Housing Starts Drop Big, But Recovery Not Derailing, Analysts Say

Housing Starts Drop Big, But Recovery Not Derailing, Analysts SayHousing starts surprised everybody with a sharp decline for June, but home builders and industry analysts are saying it’s not a sign of a derailed housing recovery.
U.S. housing starts and permits for future home construction unexpectedly fell in June, possibly a sign of an economic slowdown in the second quarter.
The Commerce Department said Wednesday that housing starts fell 9.9 percent to a seasonally-adjusted annual rate of 836,000 units — the lowest level since August last year.
May’s starts were revised up to show a 928,000-unit pace, in place of the previously reported 914,000 units. Economists had expected groundbreaking to rise pass the 950,000-unit rate in June.

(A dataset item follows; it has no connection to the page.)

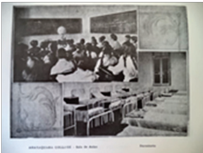
FIGURA 5 – Aspectos internos do Araraquara College

É o mesmo LEMMI quem retrata um dormitório do ginásio (FIGURA 5, canto inferior direito, 10 x 15 cm) com suas camas racionalmente dispostas e simetricamente arrumadas, testemunhando a ordem e o asseio necessários às “regras de hygiene escolar”, conforme anunciado. Um corpo classicamente acabado segundo ideais próprios àquele contexto aninha-se na foto, emparelhada a outra, que segue reproduzida. Sobreposta à imagem do dormitório, observamos uma fotografia que visa documentar um momento de sala de aula (FIGURA 5, canto superior esquerdo, 9 x 15 cm). Esta não tem autoria, e possivelmente foi recortada pelo editor para a montagem final realizada.

Permits to build homes dropped 7.5 percent last month to a 911,000-unit pace. Economists had project they would rise to a 1-million unit pace.
Builders are blaming the overall housing starts decline on the pullback in the construction of multifamily buildings, which has slowed following recent months of strong activity.
Meanwhile, the pace of single-family production held fairly even in June, with a decline of less than one percentage point.
“While demand for new homes and apartments has grown considerably over the past year, builders are still being very careful not to get ahead of the market, and today’s report reflects that cautious approach,” said Rick Judson, Chairman of the National Association of Home Builders (NAHB) and a home builder from Charlotte, N.C.
Industry analysts agree.
“This reflects a characteristically volatile multi-family sector rather than renewed weakness, and we expect homebuilding volumes to rise further later this year,” writes Paul Diggle of Capital Economics.
The annualized rate of multifamily production declined 26.2 percent to 245,000 units in June after a 28.2 percent gain in the previous month.
Meanwhile, single-family construction slipped by a marginal 0.8 percent to a 591,000-unit pace.
Regionally, combined starts activity declined 12.1 percent in the Northeast, 7.4 percent in the Midwest, 12 percent in the South and 5.4 percent in the West in June.
“The large dip in multifamily production in June follows a boost of activity in May, and is consistent with the volatility that has come to characterize that sector as well as the uneven pace of the housing recovery,” noted NAHB Chief Economist David Crowe.
Building permits, which are an indicator of future building activity, declined 7.5 percent to 911,000 units in June. This was due entirely to a pullback in the multifamily sector, where permits fell 21.4 percent to 287,000 units. Single-family permits registered a marginal 0.6 percent gain to 624,000 units – the best pace in five years.